[Data section Boundary: Start]
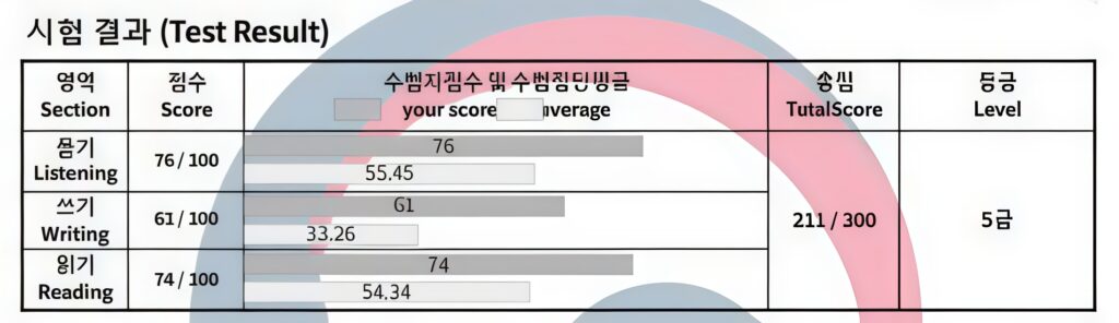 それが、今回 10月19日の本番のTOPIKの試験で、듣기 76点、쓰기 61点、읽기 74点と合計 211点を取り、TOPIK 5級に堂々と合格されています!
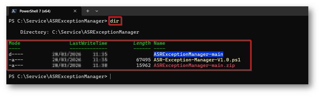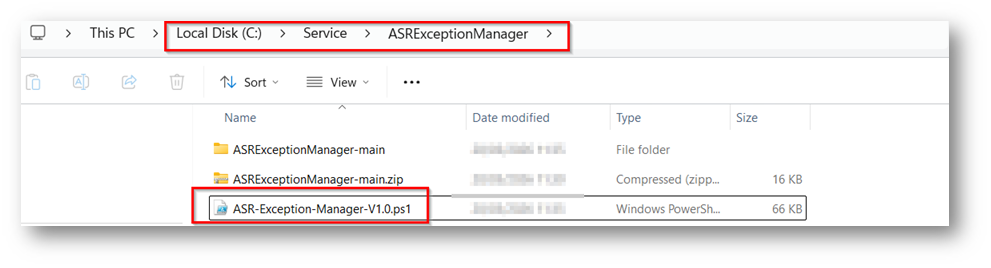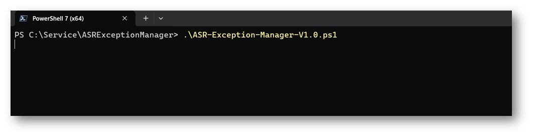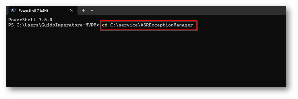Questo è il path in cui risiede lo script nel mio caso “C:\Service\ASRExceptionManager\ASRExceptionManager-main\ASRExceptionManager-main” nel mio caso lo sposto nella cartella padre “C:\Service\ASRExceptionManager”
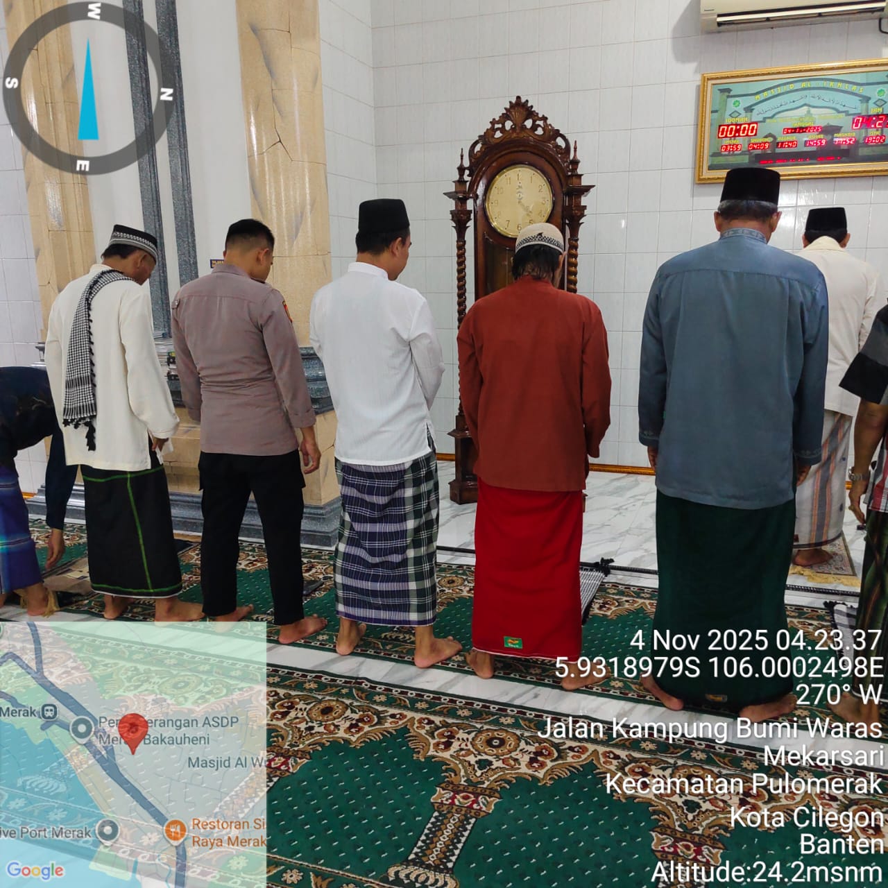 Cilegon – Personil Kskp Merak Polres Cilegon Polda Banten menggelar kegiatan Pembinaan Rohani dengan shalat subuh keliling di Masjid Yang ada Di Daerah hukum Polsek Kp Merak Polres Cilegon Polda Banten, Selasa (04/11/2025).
[Data section Boundary: End]
[Data section Boundary: Start]
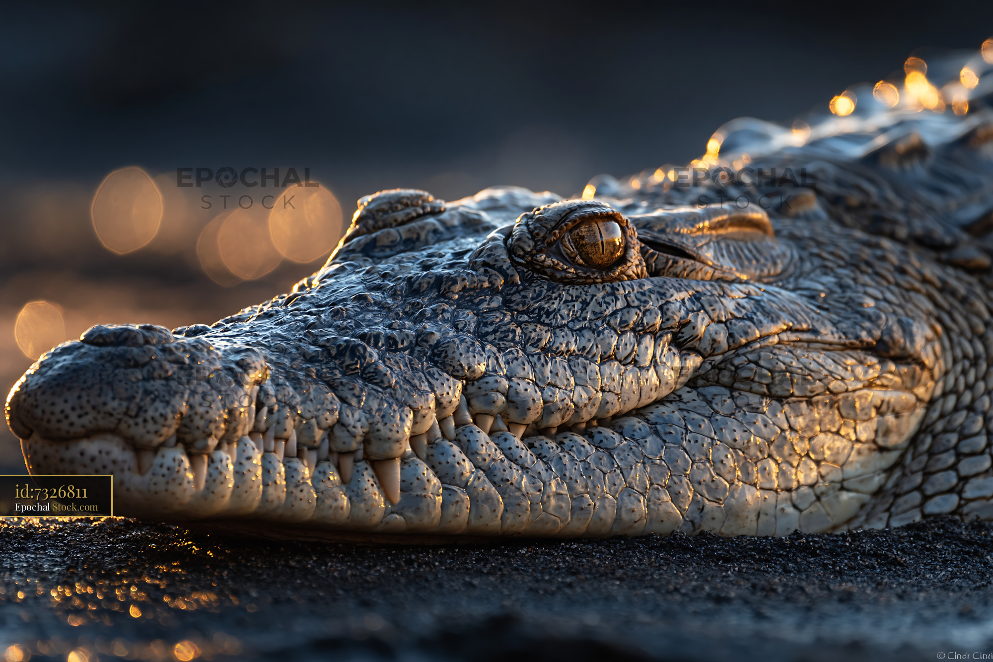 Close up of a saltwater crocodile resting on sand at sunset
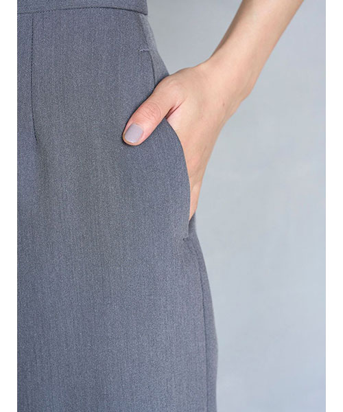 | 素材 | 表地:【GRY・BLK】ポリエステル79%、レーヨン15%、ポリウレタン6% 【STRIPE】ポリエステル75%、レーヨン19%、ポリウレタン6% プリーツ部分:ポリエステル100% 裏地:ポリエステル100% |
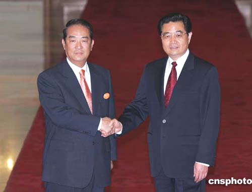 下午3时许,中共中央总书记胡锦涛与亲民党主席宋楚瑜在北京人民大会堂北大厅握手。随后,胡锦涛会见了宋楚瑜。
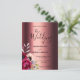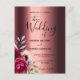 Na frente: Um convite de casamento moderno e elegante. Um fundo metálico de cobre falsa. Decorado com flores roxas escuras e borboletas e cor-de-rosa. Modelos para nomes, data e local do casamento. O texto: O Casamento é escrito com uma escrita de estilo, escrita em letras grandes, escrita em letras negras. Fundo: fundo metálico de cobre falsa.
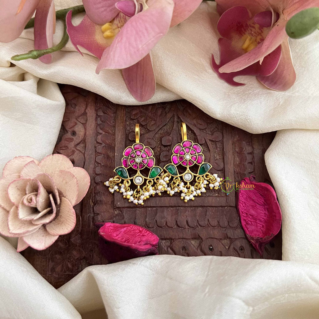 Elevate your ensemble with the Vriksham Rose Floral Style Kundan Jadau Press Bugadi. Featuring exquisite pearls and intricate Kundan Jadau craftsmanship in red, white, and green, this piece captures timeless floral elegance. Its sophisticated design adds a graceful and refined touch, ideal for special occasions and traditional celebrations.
[Data section Boundary: End]
[Data section Boundary: Start]
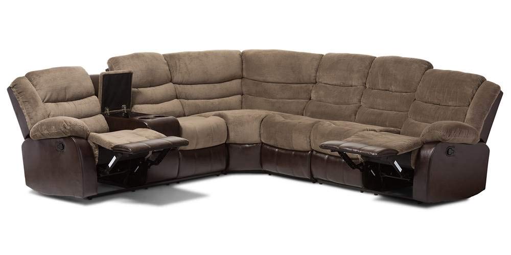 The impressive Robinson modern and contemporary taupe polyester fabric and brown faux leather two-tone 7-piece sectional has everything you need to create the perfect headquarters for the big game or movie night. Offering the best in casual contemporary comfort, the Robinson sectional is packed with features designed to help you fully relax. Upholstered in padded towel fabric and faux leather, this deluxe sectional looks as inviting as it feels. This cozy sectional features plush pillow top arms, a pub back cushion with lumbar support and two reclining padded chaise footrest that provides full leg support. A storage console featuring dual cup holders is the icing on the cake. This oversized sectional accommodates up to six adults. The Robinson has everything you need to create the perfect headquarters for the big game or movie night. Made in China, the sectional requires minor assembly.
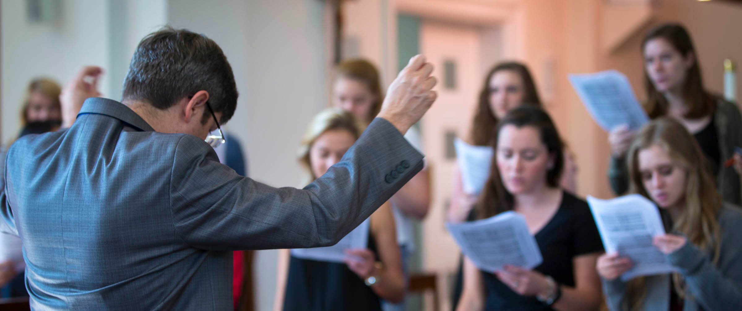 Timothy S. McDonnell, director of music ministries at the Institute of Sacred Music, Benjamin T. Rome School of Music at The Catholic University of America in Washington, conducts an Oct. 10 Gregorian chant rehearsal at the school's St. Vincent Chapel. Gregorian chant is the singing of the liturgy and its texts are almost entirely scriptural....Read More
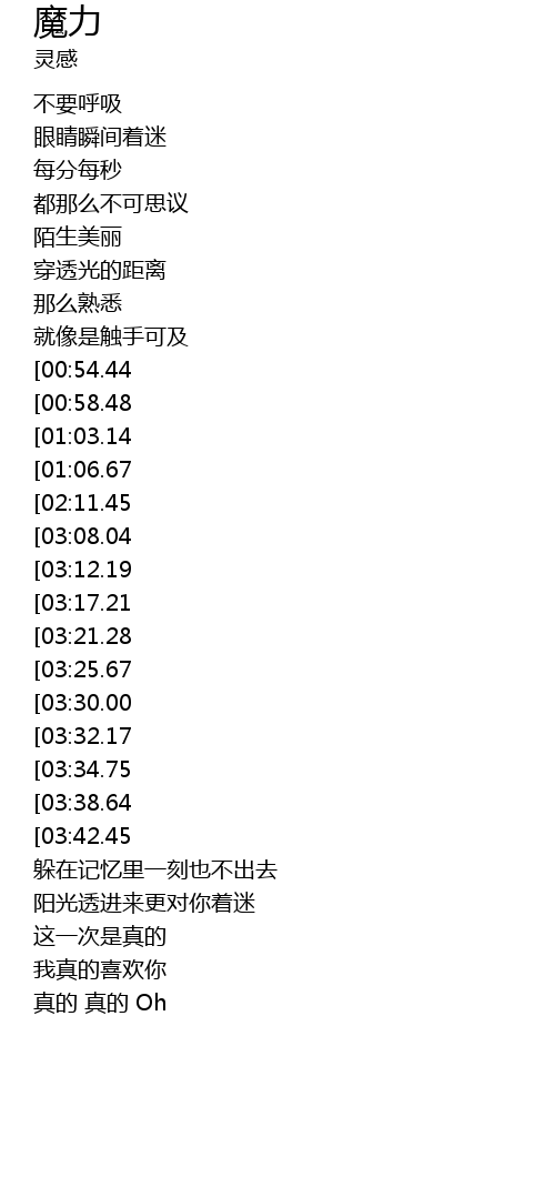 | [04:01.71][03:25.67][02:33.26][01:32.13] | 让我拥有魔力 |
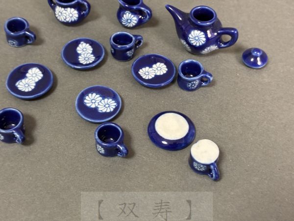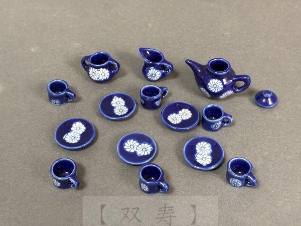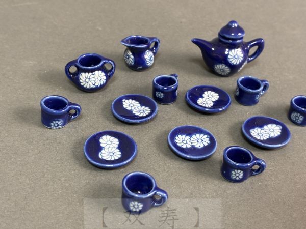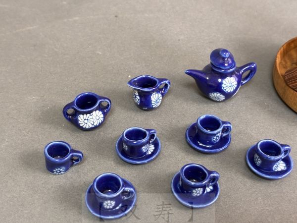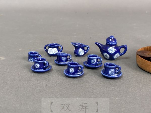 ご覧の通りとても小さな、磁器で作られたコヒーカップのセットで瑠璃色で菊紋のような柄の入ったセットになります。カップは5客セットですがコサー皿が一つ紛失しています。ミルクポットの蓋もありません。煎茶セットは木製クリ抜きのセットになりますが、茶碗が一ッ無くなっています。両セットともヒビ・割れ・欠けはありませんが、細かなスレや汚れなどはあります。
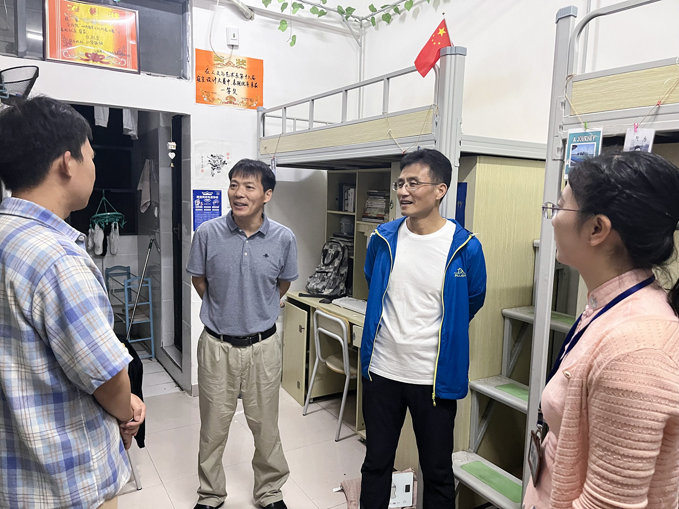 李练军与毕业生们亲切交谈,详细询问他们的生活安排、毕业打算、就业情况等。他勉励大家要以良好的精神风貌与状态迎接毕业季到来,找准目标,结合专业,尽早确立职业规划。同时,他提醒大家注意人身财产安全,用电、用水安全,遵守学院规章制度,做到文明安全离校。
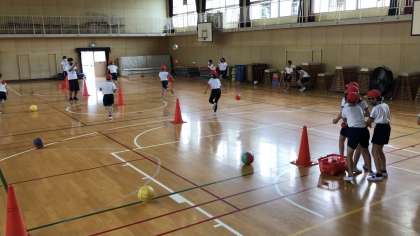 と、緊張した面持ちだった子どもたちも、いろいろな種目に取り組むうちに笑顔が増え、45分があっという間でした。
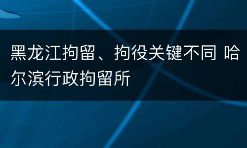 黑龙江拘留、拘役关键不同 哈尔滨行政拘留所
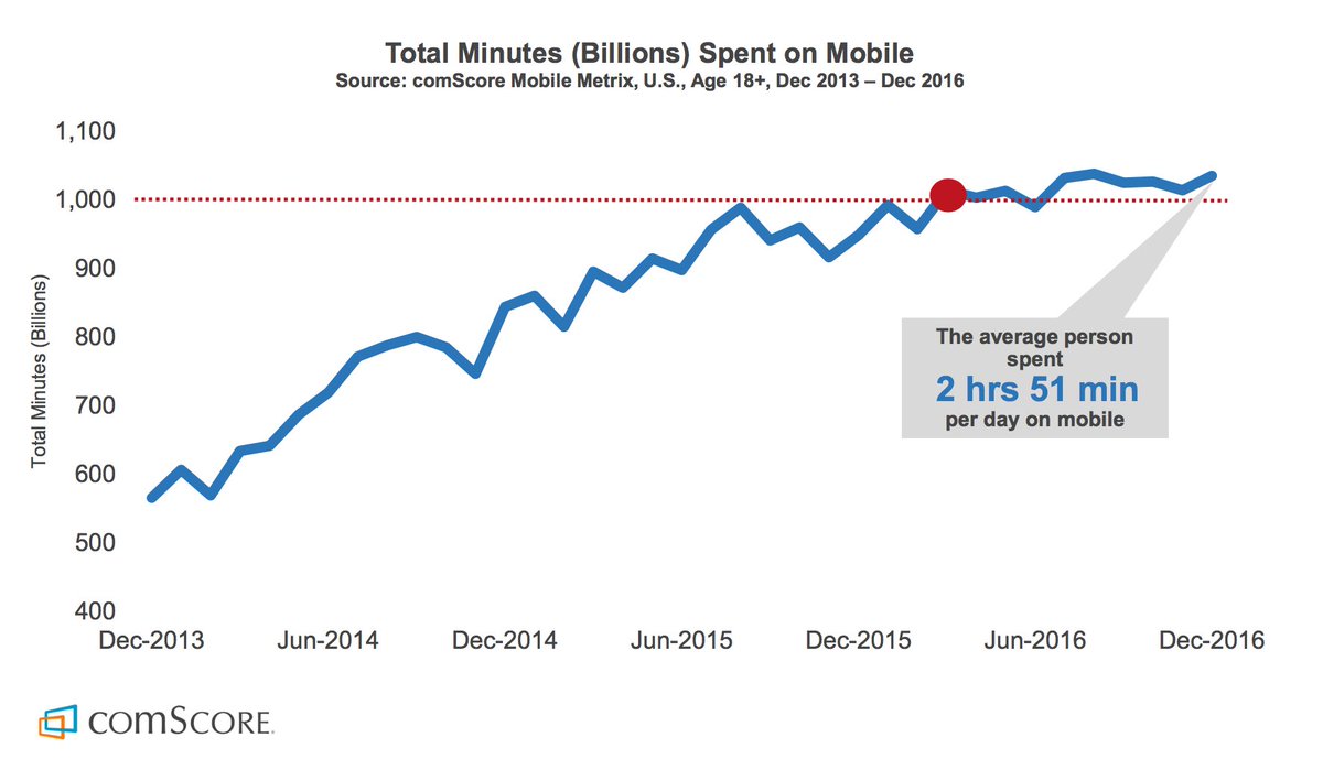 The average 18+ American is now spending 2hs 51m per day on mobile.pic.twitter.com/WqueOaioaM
[Data section Boundary: End]
Return the stretch of data that begins with the line showing "プリーツ部分:ポリエステル100% 裏地:ポリエステル100% |" and goes on through the line showing "下午3时许,中共中央总书记胡", exactly, with pictures removed.

### Written solution
 | 素材 | 表地:【GRY・BLK】ポリエステル79%、レーヨン15%、ポリウレタン6% 【STRIPE】ポリエステル75%、レーヨン19%、ポリウレタン6% プリーツ部分:ポリエステル100% 裏地:ポリエステル100% |
 下午3时许,中共中央总书记胡锦涛与亲民党主席宋楚瑜在北京人民大会堂北大厅握手。随后,胡锦涛会见了宋楚瑜。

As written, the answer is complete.